E.T.A. Hoffmann and The Sandman Letters
Some of us grew up with a vague knowledge of who The Sandman was. He sprinkled sand in our eyes until we fell asleep. But in E.T.A. Hoffmann's short story, The Sandman (Der Sandmann) (1816), he steals the eyes of children who won't go to sleep and takes them to his iron nest on the moon, to feed them to his children. The story appears in a collection titled Die Nachtstücke (The Night Pieces).
Hoffmann sets the scene with three letters through which the narrator brings the past into the present to describe its tortured main character, Nathanael, who fears The Sandman. As with Beethoven's Immortal Beloved, or Edgar Allan Poe for that matter, these letters are a great narrative device and here it receives the full Gothic treatment.
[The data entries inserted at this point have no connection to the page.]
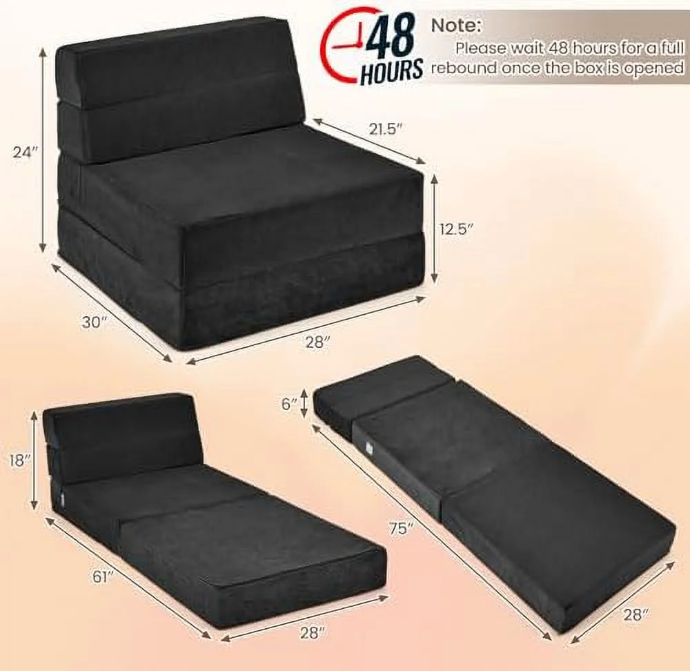 Ucloveria Ottoman Sleeper Chair Bed, Soft Tufted Velvet Folding Sofa Bed, Convertible Couch Recliner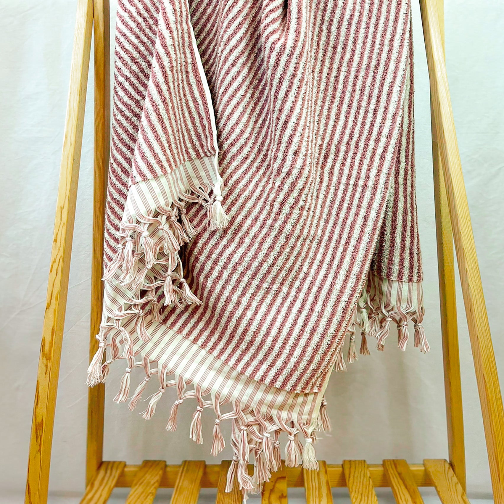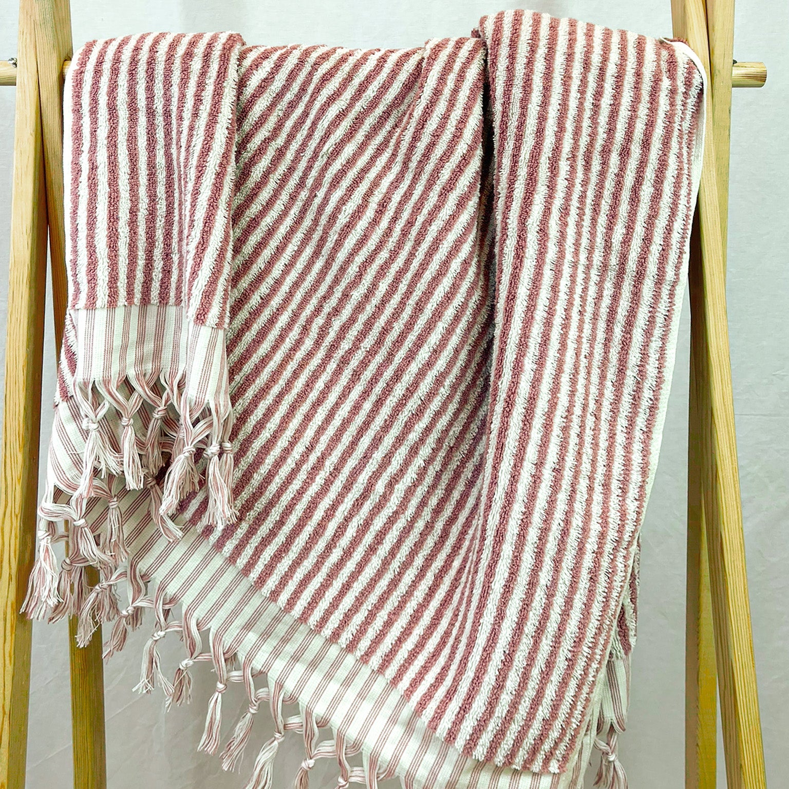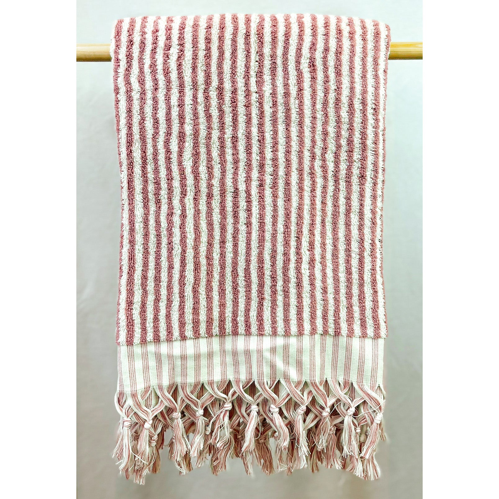 Turkish Bath Hammam Towel Rose Stripe is woven exceptionally by artisans in the villages of Middle Anatolia with the old wooden looms. The family who makes these towels are the third generation in this business.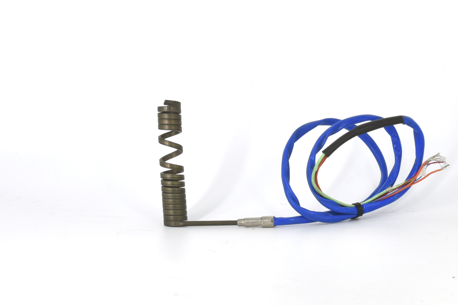 Rezistență microtubulară spiralată 1000W, 230V, cu termocuplă tip J – soluție compactă pentru control precis al temperaturii.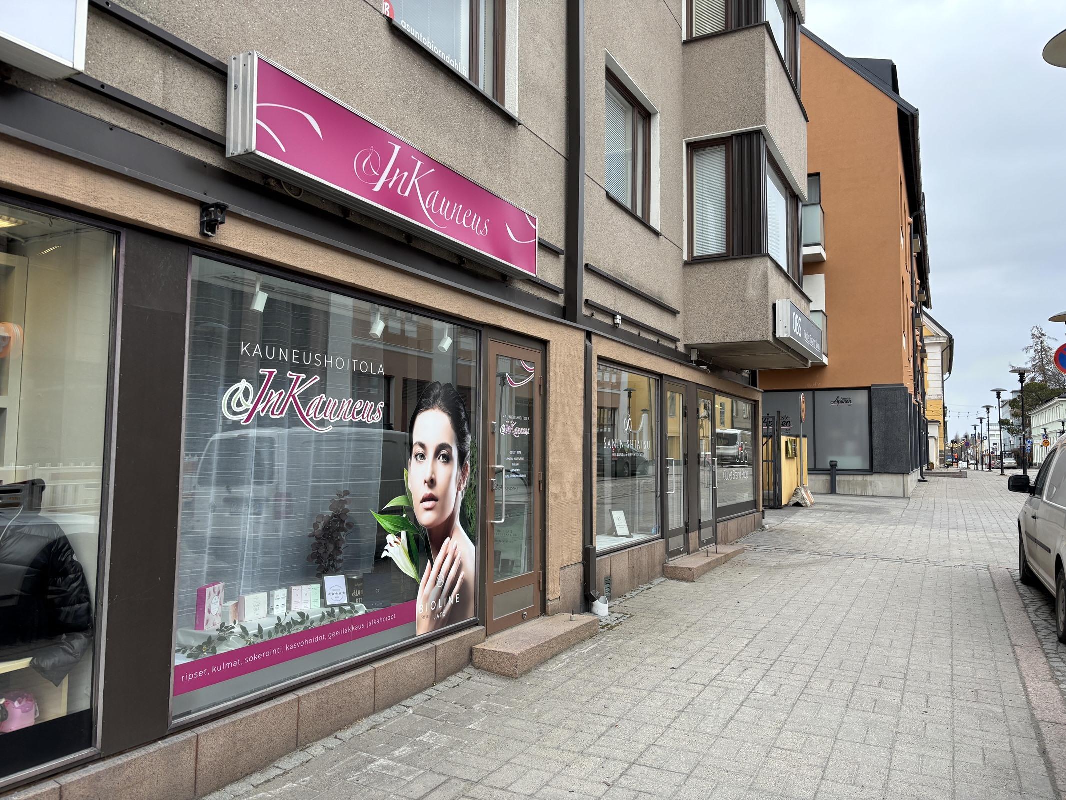 Tunnelmallinen ja hyvin pidetty liiketila erinomaiselta paikalta ihan ydinkeskustasta vapautumassa 1.6.2026. Tila on toiminut kauneushoitolana, joten se sopii loistavasti hyvinvointi ja palvelualan käyttöön tai muuhun rauhallista ja siistiä ympäristöä kaipaavaan toimintaan. Valoisa huonejärjestys, siistit pinnat ja toimivat tilaratkaisut tekevät tilasta helposti muokattavan oman yrityksesi tarpeisiin. Sijainti varmistaa hyvän näkyvyyden ja vaivattoman saavutettavuuden. Tämä tila tarjoaa valmiin pohjan aloittaa toimintasi nopeasti ja tyylikkäästi. Vuokran lisäksi käyttösähkö kulutuksen mukaan omalla sopimuksella, vesimaksu ja irtainvakuutus.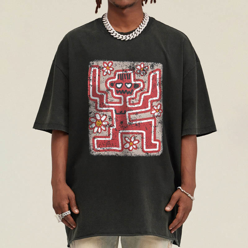 Men's Vintage Short Sleeve Graphic Print Acid Washed T-shirt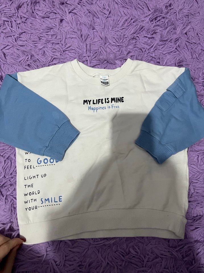 uzun mavi kollu, beyaz ön yüzünde pozitif yazılar bulunan pamuklu sweatshirt. Rahat kalıp ve yuvarlak yaka ile günlük kullanıma uygun.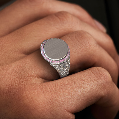 For any ring wearing individual who likes straight shapes, without too much embellishment, we offer the round platinum Moor 1 signet ring. This flat surfaced ring stands out with its tight, stylish design and is perfect for the contemporary, confident man. Do you prefer engraving of your ring with a monogram or family seal? Please check our database at the bottom of the page for further inquiries and options. The best part of this special signet ring is that you can customize it to your own liking. Your style, your choice, your signet ring. On top of that, your fantasy platinum signet ring will be made by hand with eco-friendly materials! Please feel free to easily customize the ring, using our online tool. Of course, you can always contact us. We will gladly help you compiling your fantasy signet ring. Is there a design you like, but you would like to customize it with a gemstone we do not offer on our website, then please contact us. We're happy to tell you about the possibilities.New jewellery designs are added to our online collection daily. Our team of passionate designers strive to create extraordinary and diverse designs. Have you seen a ring you like? Please feel free to contact us. Based on a good price/ quality ratio, we will make you an offer you can't refuse!After receiving your order, our goldsmiths will passionately start the creative process of making your ring in our own studio. Because we don't have a big stockpile, these costs will not be passed on to you. Our pricing is proof of that! We offer top quality jewels at lowest price, guaranteed.To make it easier for you, we offer a 30 day return policy. Check our terms and conditions.
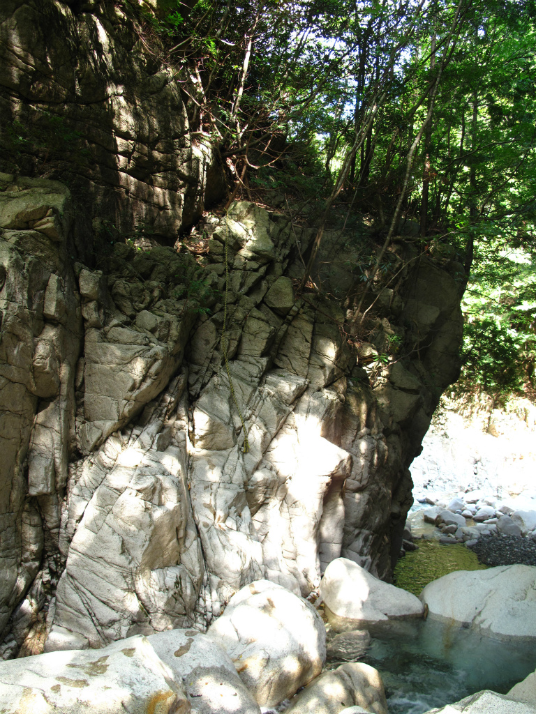 両岸とも切り立っているが、左岸の花崗岩の岩壁は圧倒的で、天に突き上げるような粗削りな岩肌が日に照らされてまぶしい。ゴーロの谷を上っていくと出合の暗い渓相に反して明るく花崗岩の岩肌に小滝とナメが連続して出てくる。エメラルドグリーンの静かな流れが美しい。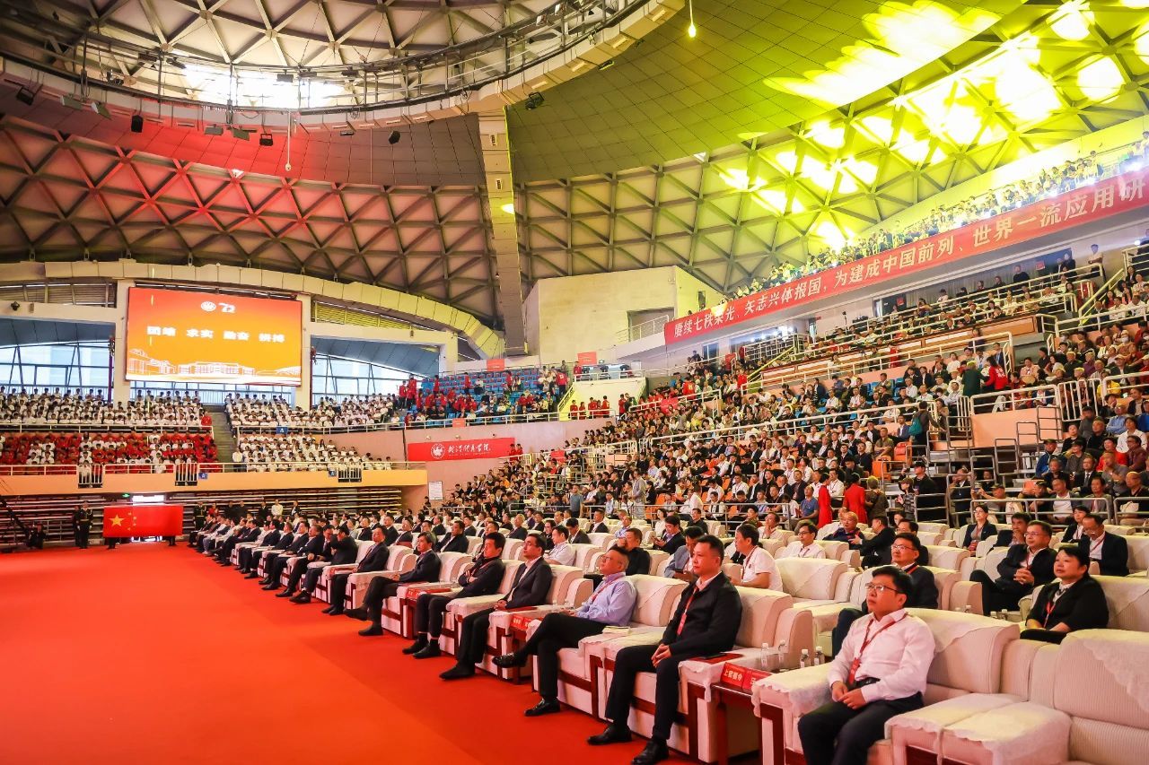 Over a span of seventy years, Wuhan Sports University (WHSU) has faced challenges head-on, the melodies never fading away; for seven decades, the torch of education has been passed on, guiding us in our unwavering journey forward. The 70th Anniversary High-Quality Development of Wuhan Sports University was held in the school's gymnasium on October 18, 2023.

Among the other characters, the evil Coppelius and the beautiful Olimpia recall Mary Shelley's Frankenstein (written the same year). Influences include Robert Schumann - Kreisleriana (1838), Delibes' ballet Coppélia (1870), Carlo Collodi 's The Adventures of Pinocchio (1881-83) and Freud's essay, The Uncanny (1919). Here is Nathanael, in a fit of madness, trying to hurl Clara from the church steeple. It doesn't end well.
Hoffmann's Sandman is like a creepy adult family friend, about whom we wonder, looking back at childhood, whether he was evil hiding in plain sight or if it was just our own overactive childhood imagination. A Faust-like figure who wore somewhat exotic and colorful clothes. Carl Spitzweg was the master of such paintings.